Minister of Environment, Forests Science & Technology, Cooperation Government of Andhra Pradesh
- In office 2014- 2019
- Governor: E. S. L. Narasimhan
- Chief Minister: N. Chandrababu Naidu
- Preceded by: Vijaya Ramaraju Setrucharla
- Succeeded by: Balineni Srinivasa Reddy

Minister of Information Technology, Roads and Buildings Government of Andhra Pradesh
- In office 1995 - 2004
- Governor: Krishan Kant C. Rangarajan Surjit Singh Barnala
- Chief Minister: N. Chandrababu Naidu
- Preceded by: Chintakayala Ayyanna Patrudu

Member of Legislative Assembly Andhra Pradesh
- In office 2009 - 2019
- Preceded by: S. C. V. Naidu
- Succeeded by: Biyyapu Madhusudhan Reddy
- Constituency: Srikalahasti
- In office 1989 - 2004
- Preceded by: Tatiparthi Chenchu Reddy
- Succeeded by: S. C. V. Naidu
- Constituency: Srikalahasti

Personal details
- Born: 15 April 1949 Urandur, Madras State, India (now in Andhra Pradesh, India)
- Died: 6 May 2022 (aged 73) Hyderabad, Telangana, India
- Party: Telugu Desam Party
- Spouse: Brunda
- Children: Padma; Sudhir;

= Bojjala Gopala Krishna Reddy =

Indian politician (1949–2022)

Bojjala Gopalakrishna Reddy (15 April 1949 – 6 May 2022) was an Indian politician from Andhra Pradesh. He was one of the senior leaders of Telugu Desam Party. He served as a member of the Andhra Pradesh Legislative Assembly for Srikalahasti from 2009 to 2019 and from 1989 to 2004, representing the Telugu Desam Party.

He worked as the Minister for Environment & Forests, Science & Technology, Cooperation in Nara Chandrababu Naidu Government.

==Early life==
Reddy was born 15 April 1949 in Urandur village in Chittoor district, Andhra Pradesh, India. His father Ganga Subbarami Reddy was an MLA from Sri Kalahasti constituency. He received his Bachelor of Science degree in 1968 and Bachelor of Laws in 1972 from Sri Venkateswara University.
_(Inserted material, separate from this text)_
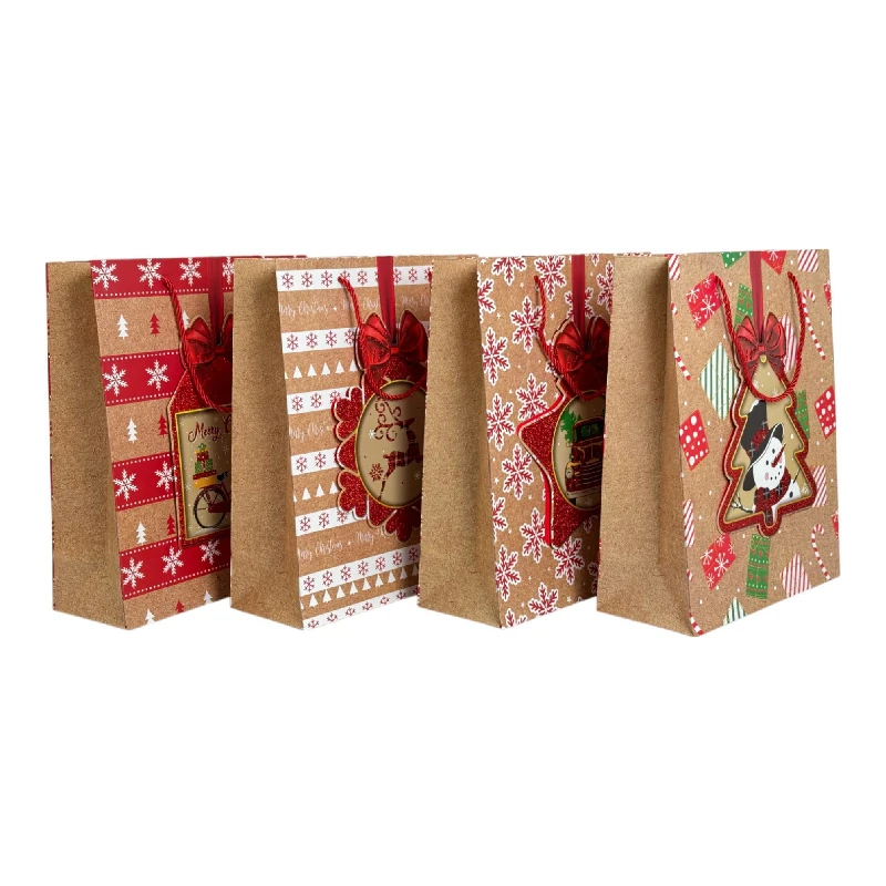 Haz que cada obsequio brille en esta temporada con las bolsas navideñas Merletto. Sus detalles dorados, lazos decorativos y diseños clásicos llenan de encanto tus regalos.

He married Brunda, daughter of congress minister late Peddireddy Thimmaa Reddy.

==Political career==

After his marriage, Reddy moved to Hyderabad to pursue his career in law. Later he decided to enter politics. Reddy got a TDP ticket in 1989 and he won the election with big majority. Since then he was elected to Sri Kalahasti constituency 3 more times. During his tenure between 1994 and 2004, he served as cabinet minister for various departments including Information Technology and R&B. He was a close aide of Telugu Desam Party chief N Chandra Babu Naidu.
He has won the A.P. elections in 2014 as a legislator of Srikalahasti constituency for the record fourth time. He was one of the council of Ministers who took Oath on 8 June 2014 and was the Cabinet Minister for Environment, forest, Science and Technology and Cooperative.

==Alipiri Bomb Blast==

On 1 October 2003, Bojjala Gopalkrishna Reddy along with Andhra Pradesh Chief Minister Chandrababu Naidu received minor injuries when a mine blast hit the chief minister's convoy at Alipiri Road.
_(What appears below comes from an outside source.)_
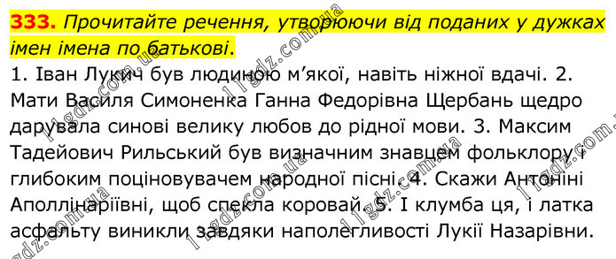 Прочитайте речення, утворюючи від поданих у дужках імен імена по батькові. 1. Іван Лукич був людиною м’якої, навіть ніжної вдачі. 2. Мати Василя Симоненка Ганна Федорівна Щербань щедро дарувала синові велику любов до рідної мови. 3. Максим Тадейович Рильський був визначним знавцем фольклору і глибоким поціновувачем народної пісні. 4. Скажи Антоніні Аполлінаріївні, щоб спекла коровай. 5. І клумба ця, і латка асфальту виникли завдяки наполегливості Лукії Назарівни.

Chandrababu Naidu along with Reddy was on his way to Tirupati, where Brahmotsavam celebrations are on at the Lord Venkateswara temple.
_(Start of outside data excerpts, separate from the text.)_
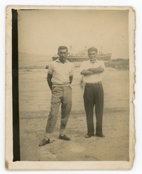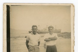 [Retrato de dos hombres en playa Brava] [Fotografía]. Chile : [Editor no identificado] , 1954. 1 Fotografía : Formato digital, monocromo. .
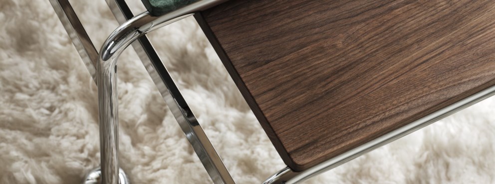 Tento model založený na originálním stolku navrženém Brunem Mathssonem jako doplněk k jeho klasickému křeslu nabízí největší povrchovou plochu při zachování elegantní estetiky tak typické pro kolekci Karin. Na chromovaném rámu spočívá horní deska z luxusního mramoru, vápence nebo ořechu.
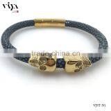 Hot Sales Genuine Double Skull Blue Stingray Leather Bracelet Quality Choice
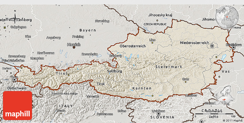 The value of Maphill lies in the possibility to look at the same area from several perspectives. Maphill presents the map of Austria in a wide variety of map types and styles.

Gopala Krishna Reddy received injuries to his shoulder and chest.
Chandrababu Naidu received minor injuries to his chest, nose and right hand.

==Death==
Reddy died of a heart attack on 6 May 2022 in a hospital in Hyderabad while he was undergoing treatment for COVID-19, during the COVID-19 pandemic in India. He had been in hospital for three months at the time of his death.